I was a history of science major [in college]. When I moved to California, I was working for a database company as a temp job, and I just noticed that I was always listening to the radio. I always had the radio on and I was like, “Oh, maybe I could do that instead.” That was it. I always liked to write a lot and always wanted to do creative writing, but then the radio thing just kind of rolled along and got me into radio journalism.


Q:

Is there a teacher or a boss who had a significant impact on your life?


A:

The first person who popped into my mind was not a boss, but the person who brought me into writing news stories. My first real print journalism job was at the East Bay Express, [where I worked with a] writer I admire like crazy—her name is Dashka Slater. She just wrote a really amazing book about Oakland called The 57 Bus. She’s one of my favorite reporters, and she’s a great person.

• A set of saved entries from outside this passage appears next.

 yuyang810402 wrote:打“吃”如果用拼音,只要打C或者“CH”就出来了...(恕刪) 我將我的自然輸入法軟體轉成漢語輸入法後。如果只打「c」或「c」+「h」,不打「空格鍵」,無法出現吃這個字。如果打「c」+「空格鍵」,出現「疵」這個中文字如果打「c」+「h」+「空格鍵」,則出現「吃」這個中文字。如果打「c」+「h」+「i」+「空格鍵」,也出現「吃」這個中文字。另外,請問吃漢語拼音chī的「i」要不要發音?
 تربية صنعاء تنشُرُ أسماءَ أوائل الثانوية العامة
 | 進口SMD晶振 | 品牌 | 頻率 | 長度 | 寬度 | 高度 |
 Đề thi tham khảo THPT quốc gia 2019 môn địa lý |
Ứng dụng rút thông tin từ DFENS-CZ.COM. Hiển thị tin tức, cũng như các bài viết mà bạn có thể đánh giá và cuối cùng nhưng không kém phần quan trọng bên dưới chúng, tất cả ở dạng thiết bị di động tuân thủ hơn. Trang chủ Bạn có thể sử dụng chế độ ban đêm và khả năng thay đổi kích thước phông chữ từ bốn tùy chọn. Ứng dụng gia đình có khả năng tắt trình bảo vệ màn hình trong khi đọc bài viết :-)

Having her edit me and teach me how to think about stories and all that—I return to that a lot.


Q:

What’s something that you wish newcomers moving to Oakland understood about the city?


A:

Every couple of years you hear about how hot Oakland is and how Oakland is the new Brooklyn. I cringe every time because the [implication] of Oakland being “so hot” is that there was never anything before. And Oakland clearly has such a rich, diverse history.

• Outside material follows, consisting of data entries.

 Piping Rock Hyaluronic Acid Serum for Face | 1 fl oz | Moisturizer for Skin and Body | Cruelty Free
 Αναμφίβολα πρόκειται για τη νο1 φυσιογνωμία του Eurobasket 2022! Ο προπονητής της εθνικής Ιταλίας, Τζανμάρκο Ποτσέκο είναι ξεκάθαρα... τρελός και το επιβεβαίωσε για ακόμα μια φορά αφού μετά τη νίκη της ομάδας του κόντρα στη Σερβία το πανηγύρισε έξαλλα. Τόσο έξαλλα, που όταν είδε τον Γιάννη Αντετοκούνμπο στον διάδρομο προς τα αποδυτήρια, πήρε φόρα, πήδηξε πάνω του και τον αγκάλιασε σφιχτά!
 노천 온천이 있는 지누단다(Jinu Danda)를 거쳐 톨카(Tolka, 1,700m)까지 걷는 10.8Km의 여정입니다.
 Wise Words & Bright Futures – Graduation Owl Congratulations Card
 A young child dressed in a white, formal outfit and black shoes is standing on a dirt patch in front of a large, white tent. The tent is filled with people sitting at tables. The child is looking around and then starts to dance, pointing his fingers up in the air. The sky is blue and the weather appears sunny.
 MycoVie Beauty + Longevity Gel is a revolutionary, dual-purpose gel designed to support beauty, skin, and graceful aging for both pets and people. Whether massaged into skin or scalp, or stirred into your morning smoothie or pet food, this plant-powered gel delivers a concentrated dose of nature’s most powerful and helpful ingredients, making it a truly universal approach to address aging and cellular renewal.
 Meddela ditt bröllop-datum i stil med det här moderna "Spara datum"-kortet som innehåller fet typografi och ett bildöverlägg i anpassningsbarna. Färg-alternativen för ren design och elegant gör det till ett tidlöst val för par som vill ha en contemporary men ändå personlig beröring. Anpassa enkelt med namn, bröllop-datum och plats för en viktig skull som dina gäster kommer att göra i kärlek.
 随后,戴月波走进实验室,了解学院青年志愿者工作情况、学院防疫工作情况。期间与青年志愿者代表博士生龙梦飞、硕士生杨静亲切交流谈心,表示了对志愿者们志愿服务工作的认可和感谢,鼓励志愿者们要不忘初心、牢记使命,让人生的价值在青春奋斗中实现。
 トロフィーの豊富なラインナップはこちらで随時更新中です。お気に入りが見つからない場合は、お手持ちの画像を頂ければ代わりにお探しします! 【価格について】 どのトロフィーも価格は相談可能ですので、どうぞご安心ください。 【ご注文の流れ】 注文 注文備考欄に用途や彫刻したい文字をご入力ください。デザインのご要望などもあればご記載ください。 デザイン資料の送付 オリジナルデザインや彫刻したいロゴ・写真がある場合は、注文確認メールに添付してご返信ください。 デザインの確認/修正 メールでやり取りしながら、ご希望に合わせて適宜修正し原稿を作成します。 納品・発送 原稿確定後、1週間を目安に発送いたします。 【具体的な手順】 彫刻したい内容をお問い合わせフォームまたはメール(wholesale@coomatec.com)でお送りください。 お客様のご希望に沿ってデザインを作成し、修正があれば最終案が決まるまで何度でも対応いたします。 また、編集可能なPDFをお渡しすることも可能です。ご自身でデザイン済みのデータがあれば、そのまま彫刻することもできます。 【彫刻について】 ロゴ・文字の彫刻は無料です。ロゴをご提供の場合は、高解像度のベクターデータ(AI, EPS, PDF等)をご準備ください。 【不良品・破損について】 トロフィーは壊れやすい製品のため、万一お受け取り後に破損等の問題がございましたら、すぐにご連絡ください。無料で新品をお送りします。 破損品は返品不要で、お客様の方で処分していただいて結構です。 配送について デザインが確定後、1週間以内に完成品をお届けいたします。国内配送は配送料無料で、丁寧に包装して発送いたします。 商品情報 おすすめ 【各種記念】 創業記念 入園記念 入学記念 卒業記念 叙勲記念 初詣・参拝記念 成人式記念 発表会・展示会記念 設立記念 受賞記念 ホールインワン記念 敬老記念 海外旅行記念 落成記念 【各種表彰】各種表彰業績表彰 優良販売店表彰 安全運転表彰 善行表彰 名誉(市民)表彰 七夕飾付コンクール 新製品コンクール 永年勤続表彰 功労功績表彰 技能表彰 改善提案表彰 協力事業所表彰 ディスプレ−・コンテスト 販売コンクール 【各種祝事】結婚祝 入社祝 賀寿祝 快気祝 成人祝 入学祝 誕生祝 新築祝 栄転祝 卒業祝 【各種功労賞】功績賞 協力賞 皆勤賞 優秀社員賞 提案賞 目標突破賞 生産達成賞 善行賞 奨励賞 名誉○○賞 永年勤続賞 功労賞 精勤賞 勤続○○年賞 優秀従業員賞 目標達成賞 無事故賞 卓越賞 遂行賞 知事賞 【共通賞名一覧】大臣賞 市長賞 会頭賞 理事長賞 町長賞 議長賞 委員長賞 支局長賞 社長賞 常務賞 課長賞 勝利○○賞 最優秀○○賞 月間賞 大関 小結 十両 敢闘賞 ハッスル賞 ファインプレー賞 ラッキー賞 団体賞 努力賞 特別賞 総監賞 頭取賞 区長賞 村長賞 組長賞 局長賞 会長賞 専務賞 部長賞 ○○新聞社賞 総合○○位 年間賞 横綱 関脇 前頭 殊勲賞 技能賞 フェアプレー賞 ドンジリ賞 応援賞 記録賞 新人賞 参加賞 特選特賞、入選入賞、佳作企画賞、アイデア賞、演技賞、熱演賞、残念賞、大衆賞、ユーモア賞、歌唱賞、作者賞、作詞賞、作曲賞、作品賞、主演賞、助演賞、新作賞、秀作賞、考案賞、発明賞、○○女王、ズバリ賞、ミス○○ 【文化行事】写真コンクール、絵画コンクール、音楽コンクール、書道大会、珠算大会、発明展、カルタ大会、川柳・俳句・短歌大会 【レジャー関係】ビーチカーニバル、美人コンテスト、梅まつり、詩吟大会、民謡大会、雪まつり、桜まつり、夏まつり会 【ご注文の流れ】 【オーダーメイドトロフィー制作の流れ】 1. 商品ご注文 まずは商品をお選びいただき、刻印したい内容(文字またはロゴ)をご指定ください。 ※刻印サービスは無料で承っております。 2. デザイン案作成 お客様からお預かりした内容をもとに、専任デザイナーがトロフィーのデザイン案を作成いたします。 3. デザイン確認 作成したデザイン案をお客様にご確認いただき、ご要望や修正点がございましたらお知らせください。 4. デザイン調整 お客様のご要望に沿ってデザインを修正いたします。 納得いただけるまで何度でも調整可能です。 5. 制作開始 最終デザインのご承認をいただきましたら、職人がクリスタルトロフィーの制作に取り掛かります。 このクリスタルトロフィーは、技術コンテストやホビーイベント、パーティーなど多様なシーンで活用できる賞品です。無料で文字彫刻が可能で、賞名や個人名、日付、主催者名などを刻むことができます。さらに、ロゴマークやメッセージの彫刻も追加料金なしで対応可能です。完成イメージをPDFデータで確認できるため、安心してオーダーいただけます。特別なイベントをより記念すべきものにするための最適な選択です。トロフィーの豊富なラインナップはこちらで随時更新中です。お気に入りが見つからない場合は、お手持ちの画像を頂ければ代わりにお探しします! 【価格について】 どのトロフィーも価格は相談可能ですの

Gentrification is a huge issue—you see it all the time. I see it in every house, the changes in my neighborhood. It’s a complicated picture. It’s hard to see so many Oakland communities moving further and further out in the East Bay and families that have lived for a long time in the same place being apart. On my block, my kids go to school with a lot of people whose parents went to the same elementary school and had the same teachers. A lot of those families, they’re just turning over because they can’t afford to keep [their homes] in the family anymore.

Oakland is a pretty segregated city in a lot of ways, too. You especially see that in the schools. That’s the other part that I want people to understand: As a model of diversity, it has a long way to go.


Q:

Have you cooked anything really great—or really terrible—in quarantine?


A:

My daughter has turned vegetarian recently, so I’ve been trying to cook a bunch of vegetarian stuff. I use the New York Times cooking app all the time. And I’m baking. I’m living with the KitchenAid for the first time, so I’m making a lot of banana bread all the time, which is very comforting.


Q:

Here’s the most important question yet: Do you put chocolate chips in your banana bread?


A:

I tried that with the first banana bread I made here, and it was a big flop. It was super dense and mushy, and even my kids didn’t like it. So I am totally anti chocolate chip now, but I put walnuts on top.


Q:

If you could time travel to any year, past or future, which would you choose?


A:

I’ve been reading War and Peace for months and months. I’m very stuck in it—but that said, I don’t know why I would want to go there. It seems pretty miserable, but I’m pretty intrigued.

Maybe pre-war, pre-Hitler Berlin. Super high times Berlin looks crazy fun before the world turned upside down. I just like the theater and the freedom and the music and the dance and the clothes.


Q:

Do you have a pet peeve about the podcasting industry or podcasting world?


A:

Podcast trends bug me. I just don’t like when so many shows sound like each other. I like shows that really have their unique voice. I think there are just so many podcasts that a lot end up sounding like mimics of others.


Q:

What got you through the election?


A:

Doomscrolling. I did a lot of that. But it’s a good time to have a family. It’s a good time to have little kids to look after because they come with their own ups and downs and loving moments. Also, hiking. I just find any hill I can, and I stomp up it.

It’s a good time to live near the ocean, too. I’ve been swimming—maybe numbing myself against the times. It’s freezing; I don’t last long.